Question

A 1 kg block is executing simple harmonic motion of amplitude 0.1 m on a smooth horizontal surface under the restoring force of a spring of spring constant 100 N m−1. A block of mass 3 kg is gently placed on it at the instant it passes through the mean position. Assuming that the two blocks move together, find the frequency and the amplitude of the motion.
Figure

Answer 1

Answer:

Here is your answer......

Answer 2

Explanation:

To find the frequency:

We can write $f=\left(\frac{1}{2 \pi}\right) \sqrt{\frac{k}{m_{(\text {combined mass})}}}=\frac{2.5}{\pi}=0.8 \mathrm{Hz}$ where $k=100$ is the spring constant.
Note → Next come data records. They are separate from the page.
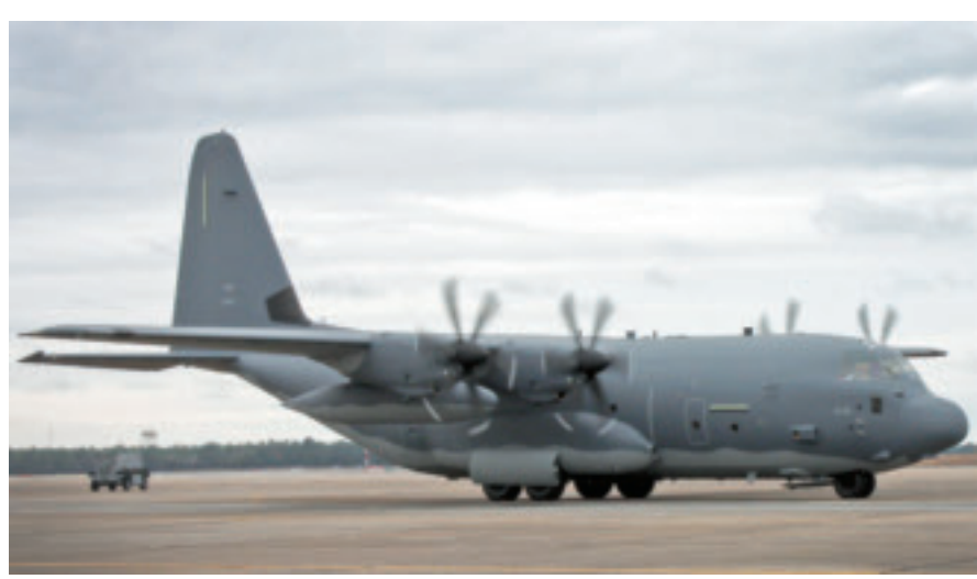
MC-130J Commando II

Contractor: Lockheed Martin (airframe), Boeing.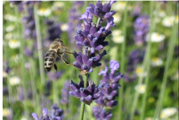
Bee foraging nectar and pollen from lavender

The presence of neurotoxic pesticides in food and water sources affects all the individual bees in the hive. As well as their direct toxicity for bees and the brood, sub-lethal concentrations of pesticides affect bees' nervous systems, altering their memory and learning abilities, disabling their sensitivity to stimuli, hindering communication and damaging their sense of orientation. The effect on the bee is similar to the effect of alcohol on humans. It affects the way in which the colony can defend itself against other damaging factors.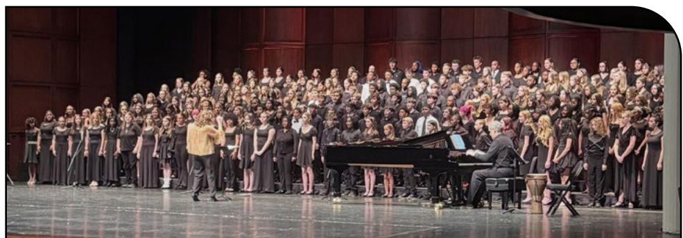
Middle School Honor Choir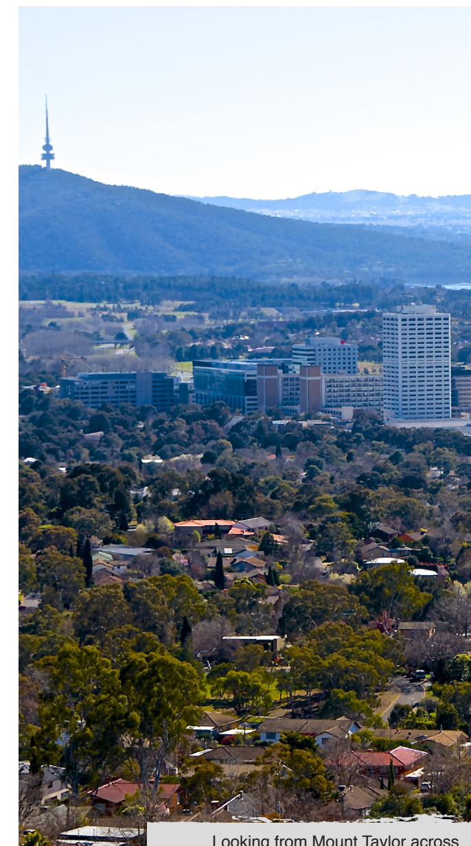
Looking from Mount Taylor across Woden Town Centre to Black Tower Mountain, ACT.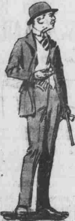
Copyright Hart Schaffner & Marx. Total satisfaction guaranteed; money cheerfully refunded.

The right clothes help the looks and the feeling, too; you can dress in smart style always, and the fact that your clothes are stylish and fit you, helps a lot toward the youthful spirit. Even when a man adds weight as he adds years, there are clothes-styles that are designed to keep up the idea of youthfulness. We have them here for you.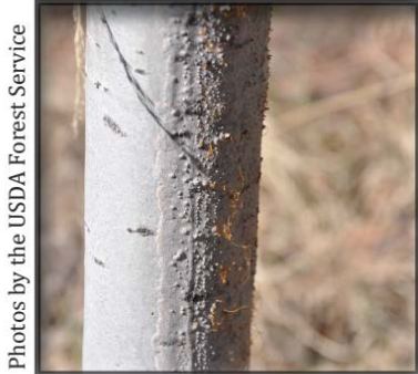
Fig. 4 Orange fruiting bodies emerging from pimple-like structures caused by Cytospora spp.

There are other scales that occur on aspen, but none that will look similar to OSS. However, there are non-insect agents that cause damage which can resemble OSS damage, namely cankers. A variety of fungal pathogens cause canker formation on aspen which may result in sunken and/or roughened bark. From a distance, cankers may appear as darkened patches that may be confused with OSS. Two common aspen cankers that might be confused with OSS are Cytospora canker ( Cytospora spp. ) (Figure 4) and hypoxylon ( Entoleuca mammatum ) (Figure 5). It is important to positively identify OSS as the causal agent before implementing any management strategies.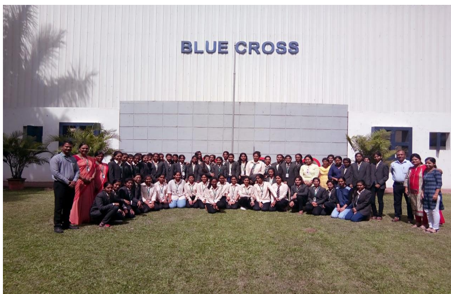
Second Year B. Pharmacy Students visited Blue Cross Laboratories Pvt. Ltd., Ambad, Nashik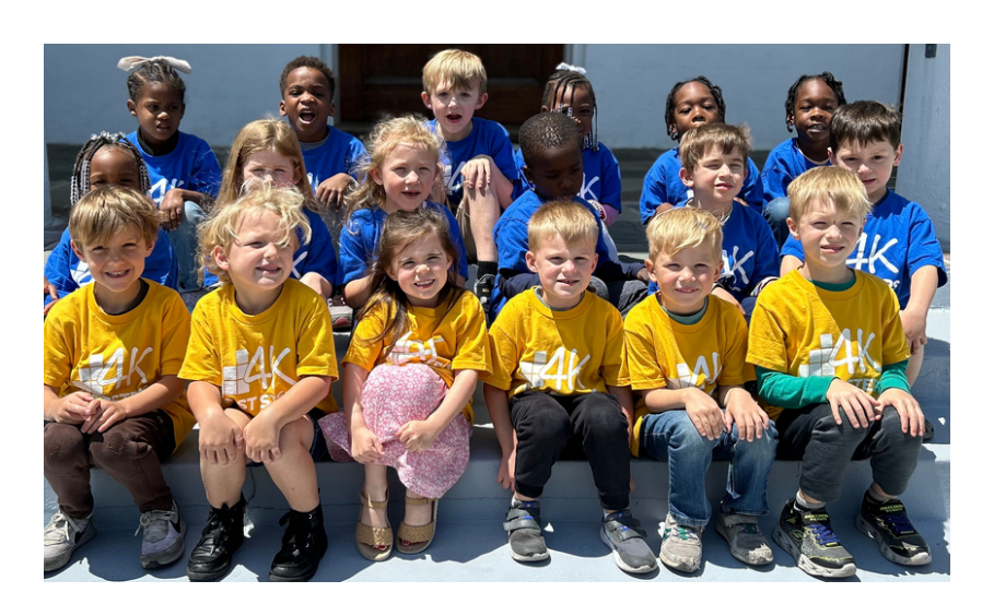
"You're off to great places! Today is your day! Your mountain is waiting, so... get on your way!" - Dr. Seuss, Oh, The Places You'll Go!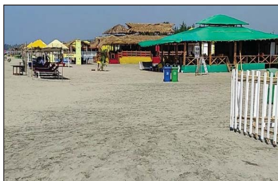
Fig. 24: Beach beds in intertidal zone (turtle nesting sites) at Morjim Beach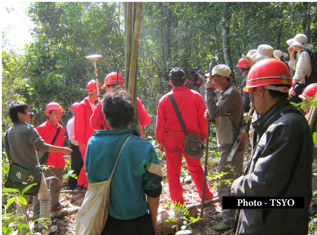
Chinese Surveyors take measurements for the pipeline project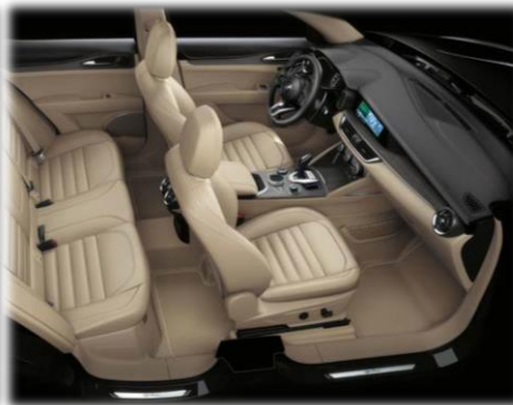
Beige w/ Silverwood / Walnut inserts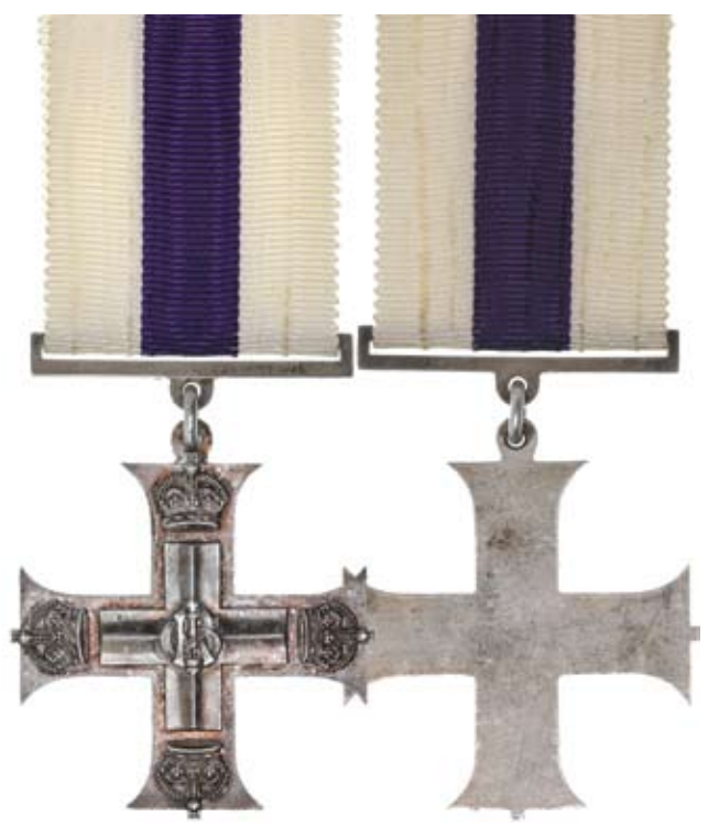
1412* Military Cross, (GRI), with pin-back ribbon suspender. Unnamed, front toned, back cleaned with scratching, otherwise very fine.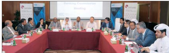
Trade finance and legal experts from most of the national banks operating in Qatar took part in the ICC Qatar's Banking Commission meeting in Doha recently.

QCB is scheduled to hold a meeting with representatives of national banks operating in Qatar to discuss the Demand guarantee letter, with the participation of International Chamber of Commerce Qatar (ICC Qatar) and representatives of Qatari companies.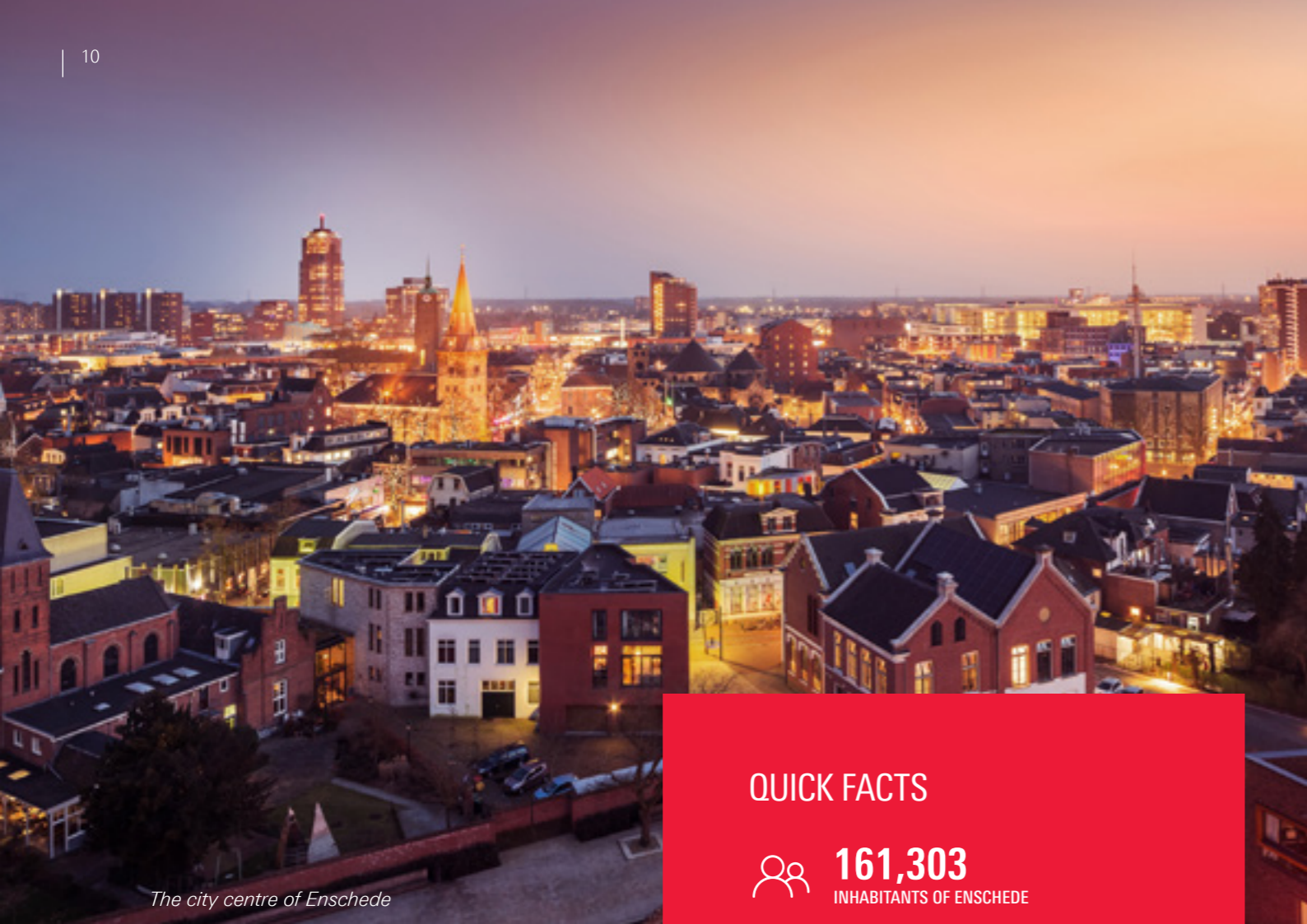
The city centre of Enschede

For block of mass = 1kg, $f_{0}=\frac{5}{\pi} \mathrm{Hz}$.

To find the amplitude of the motion:

By the law of conservation of linear momentum at mean position, $\omega A=\frac{1}{4} \omega_{0} A_{0}$, where $A_{0}$ is the amplitude and $f_0$ is the frequency of simple harmonic motion of 1kg block. This implies $f A=\frac{1}{4} f_{0} A_{0}$.  Thus, $A=\frac{f_{0} A_{0}}{4 f}=0.05 \mathrm{m}$.  Therefore, the amplitude of motion is 0.05m.